The Columbus Dispatch

Air Force finds dozens of errors in background-check reporting

- By Richard A. Oppel Jr.

A review by the U.S. Air Force has found several dozen cases in which the military failed to report service members charged with or convicted of serious crimes to the federal gun background-check database, Air Force officials said Tuesday.

The review came after the Air Force disclosed that it had failed to report the domestic violence conviction of Devin P. Kelley, the gunman who opened fire at a church in Texas earlier this month. Under federal law, Kelley’s court-martial conviction for domestic assault should have prevented him from purchasing at a gun store the rifle he used in the attack, as well as other guns he acquired over the past four years.
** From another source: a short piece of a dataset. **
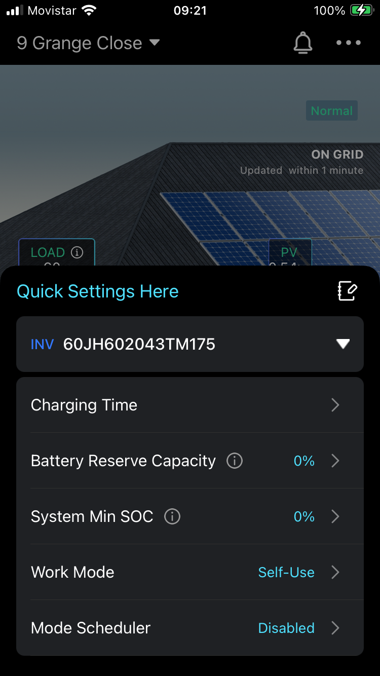 Hello Dave. Been back a week and finally got round to checking the inverter settings directly, using your instructions. I found them to already be at 10%, so I assumed nothing more needed to be done. (For what it’s worth, the app settings are still showing 0%. You mentioned the possibility of Wi-Fi connectivity issues but the app seems to otherwise provide an accurate snapshot of usage/demand).

After the Air Force admitted on Nov. 6 that officials at Holloman Air Force Base in New Mexico had failed to report the results of Kelley’s court-martial to the federal background database, it launched an investigat­ion into how many other serious incidents had not been reported.

Although officials have examined only a portion of cases that should have been reported, several dozen have already surfaced that were not reported as required.

“The error in the Kelley case was not an isolated incident, and similar reporting lapses occurred at other locations,” the Air Force said in a statement. “Although policies and procedures requiring reporting were in place, training and compliance measures were lacking.”

There have been about 60,000 incidents in the Air Force since 2002 involving service members that should have been reported to the federal background­check database. All of those incidents are now being reviewed by Air Force officials to see which ones were required to be reported, and how many of those actually were reported.